2. Anenome- You don't mention a type. The Long Tentacle Condylactis may live in your tank but a clown tends to not host to these anemones. Anemones need very high output lighting like that of intense T5 or Metal halide lighting. They also have special needs that would lead me to place them in the above novice-amateur range. With some patience and planning you could pull them off at a novice stage but then with all your reading and learning would you still be novice? (BTW I have no idea of your experience level, just answering this in a way that others reading it can judge themselves).

3. Purple Sea Urchin- Special needs. Also needs an established tank, much like the Linkia. Could put on list for future considerations.

4. Cleaner Shrimp- ASAP. Avoid coral banded as they are mean as heck. They may eat small fish or kill other crabs and shrimp. Skunk cleaners and peppermints could be added with care to a recent setup.
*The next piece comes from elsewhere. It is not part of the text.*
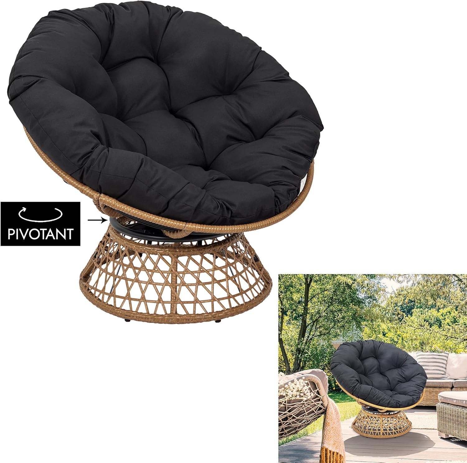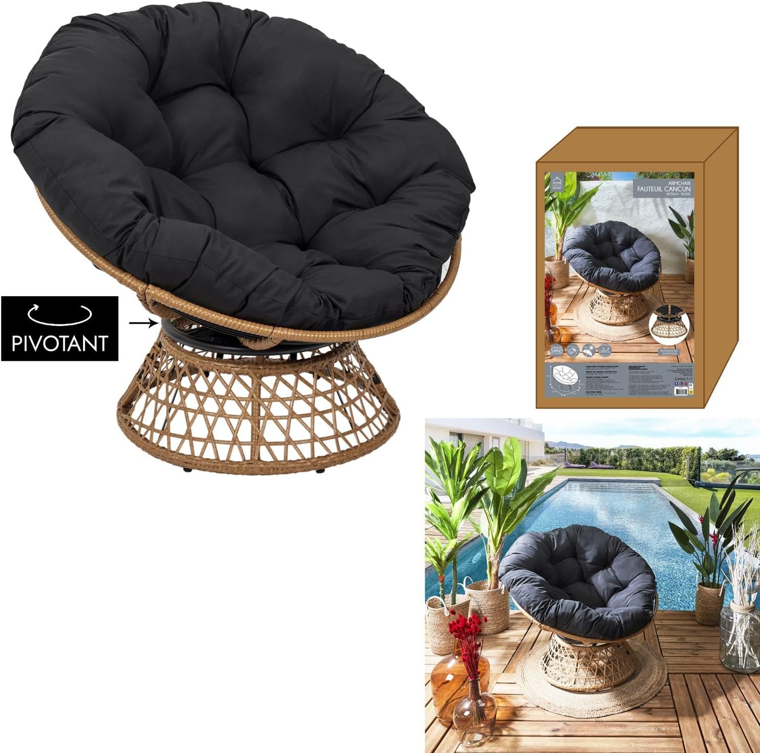 HOME DECO FACTORY, Outdoor Swivel Armchair, Round Relaxing Chair, 1-Seater, 360Spend Swivel, Thick Comfort Cushion Included, Garden Furniture for Balcony and Terrace Furnishing
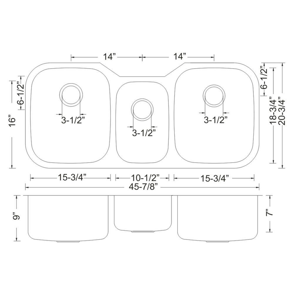Speciality Series Undermount Stainless Steel 46 in. 40/20/40 Triple Bowl Kitchen Sink

5. Crabs- hermits can be added after cycling. Go for it. 
6. Seahorses ( Although I have read those may not work )- Nope. Should be in a dedicated tank. Some with much care and thought have kept them in very large tanks with other fish but only because all of their food needs are grown directly in the tank.

7. Blue Tang- Pass on it. They are not hardy fish to begin with. Most tangs suffer from sporadic ICH infestations. No need to infest your other fish. Also will get very large.

8. Puffer Fish- Pass on it. Puffers will make a mess of the tank, eat inverts (crabs and snails) and bully your other fish.

9. Angelfish- About the only ones to own are the dwarfs like coral beauties. Most will fight with other similar looking fish. There are plenty of other colorful fish that will provide you with peace and enjoyment. I've made it a point to pass on Angels for as long as I've been in the hobby.

10. Any other cool suggestions- six line wrasse, scooter blenny, algae blenny, yellow watchman goby/pistol shrimp symbiant pair.


----------